Video by: Phillip Coxwell

The Donald E. Davis Arboretum is home to more than 500 species of native-Alabama plants. Many factors work to sustain the plant life in the arboretum, including sunlight and nutrients from the soil. Perhaps most important to plant survival, however, is water. Vegetation at the arboretum receives water from a variety of sources, including irrigation, and, most often, rainfall. While rainfall is a much needed resource for plant life, it can also be a destructive force on ecosystems, resulting in erosion and even death.

In an effort to educate the public on best practices for handling stormwater in the landscape, the arboretum installed an 11-stop stormwater tour.
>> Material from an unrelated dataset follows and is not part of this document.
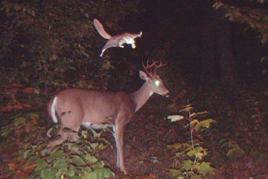 This trail cam was either set off by the deer or the bird. Wait, that's not a bird; it's a squirrel! What kind of mad science is this? We assume this squirrel thought flying over the deer was the fastest way back home.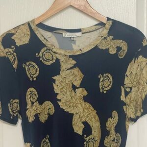 Versace Jeans Couture Navy Blue Gold Chromo Couture T-Shirt Semi Sheer Long Sm

The tour takes participants through the arboretum landscape while highlighting features that deal with stormwater management.

"We've had a lot of these practices already in place at the arboretum for some time, but they were not interpreted in any way so that people could see what's being done. So we developed this stormwater tour," said Dee Smith, curator of the arboretum. "Some of the stops describe water capture, and some are about controlling the flow of water."

The tour demonstrates non-traditional methods for dealing with stormwater, such as utilizing pervious surfaces.

"Traditionally, landscapes use impervious surfaces such as asphalt that do not allow any water penetration into the ground. The water runs off these surfaces and can cause serious erosion issues." said Smith. "There are alternatives, such as pervious concrete and pervious asphalt, that will allow water to percolate through the surface."

The stormwater tour also highlights the arboretum's use of water tanks in the landscape, as the facility has a 1,700-gallon, above-ground tank and a 1,400-gallon, below-ground tank. The tour educates the public on methods that will slow, trap and channel water in a landscape through the use of features such as swales, rain gardens and dry stream beds. Examples are also provided of how stormwater, when not properly managed, is destructive.

"One of the things that negatively affects our pond is all the silt and sediment that is carried into the pond with the stormwater, filling it up. And the water can potentially carry pollutants like chemicals, oils and trash that end up in the pond and can be deadly for wildlife," said Smith.

Patrick Thompson, arboretum specialist, said the tour is designed to inspire people to employ better, more sustainable practices on their own landscapes, resulting in a healthier watershed.

"Water in the arboretum goes to Chewacla Creek, the Saugahatchee River, the Tallapoosa River and all the way down to the Gulf of Mexico," explained Thompson. "Efforts we take locally affect our downstream neighbors. We need to keep our watersheds healthy so that we will have good water to drink and grow."

The stormwater tour also provides a learning tool for students at Auburn University.

"Our students love hands-on programs and classes where they can actually get outdoors and get involved with the immediate environment and see what's happening around campus," said Nanette Chadwick, director of academic sustainability programs. "Many of our students will go into careers where they will actually be planning landscapes, planning buildings, working as city planners, and other jobs where they will be directly involved with trying to support water sustainability in cities. We even have an art professor whose students took the tour and are learning to use art in connection with the environment to teach people. The arboretum is really one of our shining examples on campus of a spot where the resources are being managed very well, very sustainably, and these are the practices we teach our students are important for supporting a natural water cycle."

The stormwater tour is self-guided and open to the public. To take the tour, participants should first stop by the pavilion at the arboretum and pick up a map. Each stop on the tour also includes QR codes that can be scanned with a smartphone, providing more information about each stormwater feature.

"We are a great testing ground for seeing how these kinds of practices work," said Smith. "By having the tour and explaining our practices, we hope people will take home the message that there are other ways to deal with stormwater than the traditional methods."